Welcome to a quick and short (hopefully) illustration of how one can integrate data science models with Tableau using TabPy. We will specifically look at time series forecasting in this story.

We will use three time series models which are built in python using the superstore dataset ( retail industry data ). We will use Jupyter notebook to build our python codes and then move on to Tableau.

This article is aimed at demonstrating how a model can be integrated with Tableau’s analytics extensions and make it seamless for consumption.

Why Tableau? Well, I love it and I can’t stress enough on how easy it is to explore your data.

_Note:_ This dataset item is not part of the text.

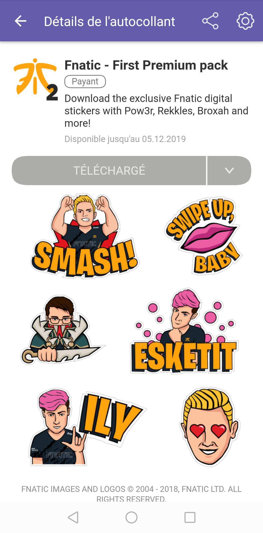 de plusieurs packs, parfois gratuits, tantôt payants (1€), à l’effigie de ses joueurs ou bien des références du club. Et à première vue, ces stickers sont bien spam…

Let’s start by looking at the data :

We simply keep our date and sales columns for building a time series object. The below code sorts the sales figures in ascending order and aggregates the data at a month level.

#fetching required columns
data = superstore[[‘Order Date’,’Sales’]]
data = data.sort_values(by = 'Order Date')
#creating a ts object
data['Order Date'] = pd.to_datetime(data['Order Date'])
data.index = data['Order Date']
data = data.resample('M').sum()

We are ready to visualize the time series:

import matplotlib.pyplot as plt
import seaborn as sns
plt.subplots(figsize = (17,7))
sns.lineplot(x = “Order Date”, y = “Sales”, data = data)
plt.show()

The above is our time series plot. There are three important components to time series : Trend, Seasonality and Error. We can look at the series as an ‘additive model’ or a ‘multiplicative model’ depending on the nature of the series and the hypothesis we postulate. I will be parking the model building and forecasting methods in the next article as a continuation of this one where we will cover different techniques, decomposition, stationarity testing, auto-correlation and partial auto-correlation factors and model summary.

For now, I will share the code I had written to finalize the model before I switch gears to Tableau.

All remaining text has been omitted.